Why Altus reformed baptist church?

When you name something (or someone), you should think long and hard about the meaning of that name—what message that name will convey to others. (This is probably why the name Lucifer has never gained much traction.)

There is a specific reason why we chose to name our church what we did; we are not trying to be controversial, not trying to be edgy, and not trying to be devisive. Our desire it to be obedient.  

Altus

Most of the Epistles are written to churches, and those churches were primarily identified by where they were located (Corinth, Ephesis, Galatia). Following this pattern our desire is to let people know where we are located—in Altus, which is the biggest little city in the surrounding area and is home to the Air Force Base that bears the same name. 

reformed

In essence, this is just another way of saying that our church stands on the foundation laid by the Master and desires to function as outlined to us in His word. For a fuller explaination of what we mean by reformed, please click on Reformed?

Baptist

Believe it or not, this is proabably the second most controversial part of our name, since much of what many people hold as 'Baptist' has very little to do with what being Baptist really is. Traditionally being baptist meant the following:

  • Only repentant believers are to be baptized, by full emersion (normally)
  • That communion is only for those that have been baptized
  • That every church is independant and self governing and holds to a Biblical form of church polity (elder led, deacon served and congregationally ruled). This is what we mean when we call ourselves Baptist. 

Church

This is the most controversial part of our name. Just as there is much confusion about what Baptist means, there is more confusion about what 'church' means. Say 'church' and people will normally think about a building or place—that is not the 'church'. At the same time the name church is given to cults in describing them— they may be a gathering of people, they may be gathered together in a really nice building, but they are not the true church!  

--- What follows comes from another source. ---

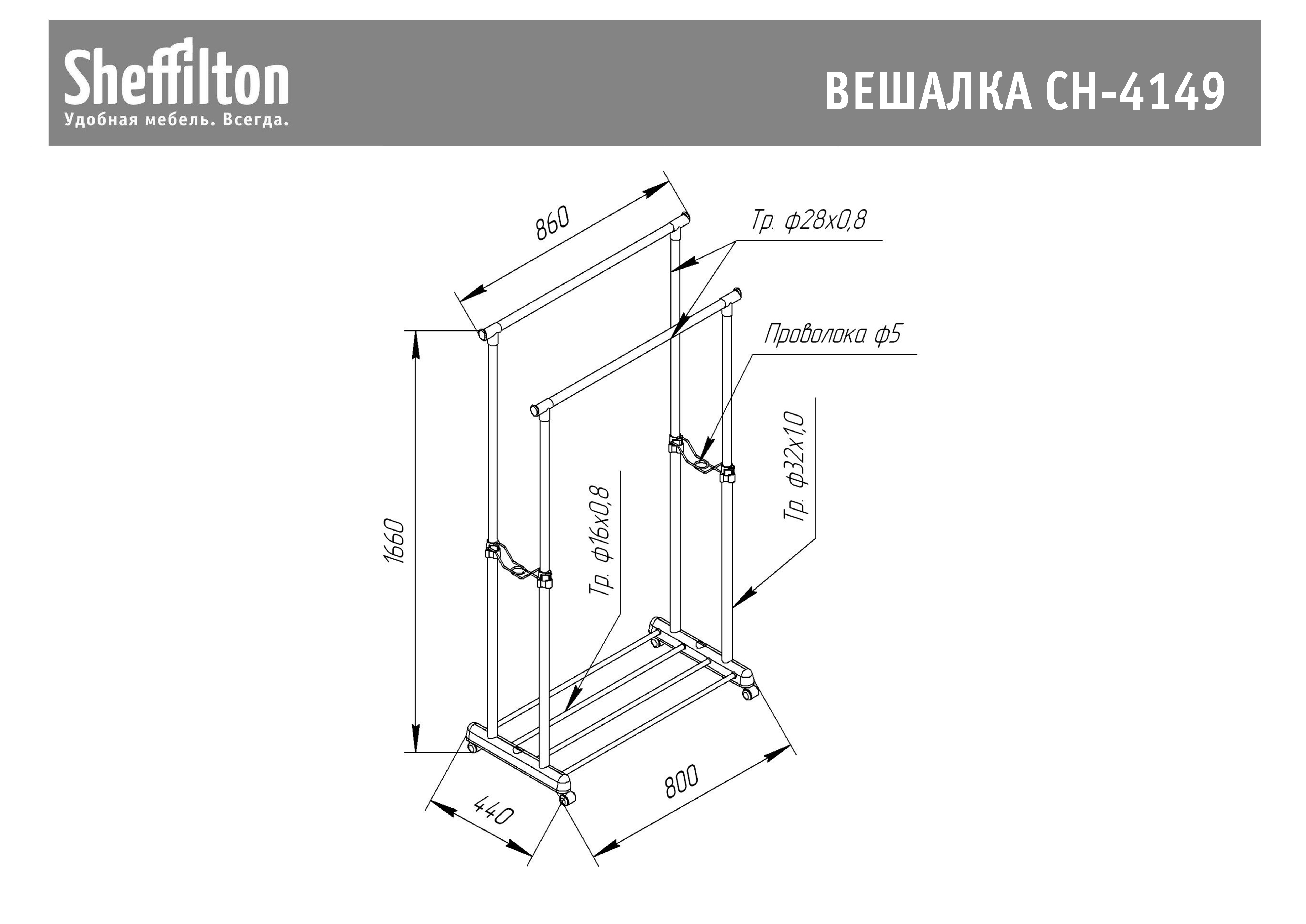 Штанги из хромированной трубы (диаметр/толщина: 28/0,8 мм); стойки - из металлической трубы, (диаметр/толщина: 32/0,8 мм, 28/0,8 мм) и полка 16/0,8 мм.

To be fair, the Greek word that is translated 'church' in the New Testament is ekklesia (which literally means 'called out ones'), but has been also used to mean a gathering of people, and can literally be used to describe any group of people. 


A true church has three defining marks:

  1. The right handling (preaching/teaching) of the Word of God.
  2. The right administration of the sacraments (baptism and communion)
  3. The right application of church discipline.

When we use 'church', it is our desire to identify ourselves as a local gathering of called, elect sons of God that have covenanted together with the purpose of glorifying God through corporate worship, discipleship and accountabilty.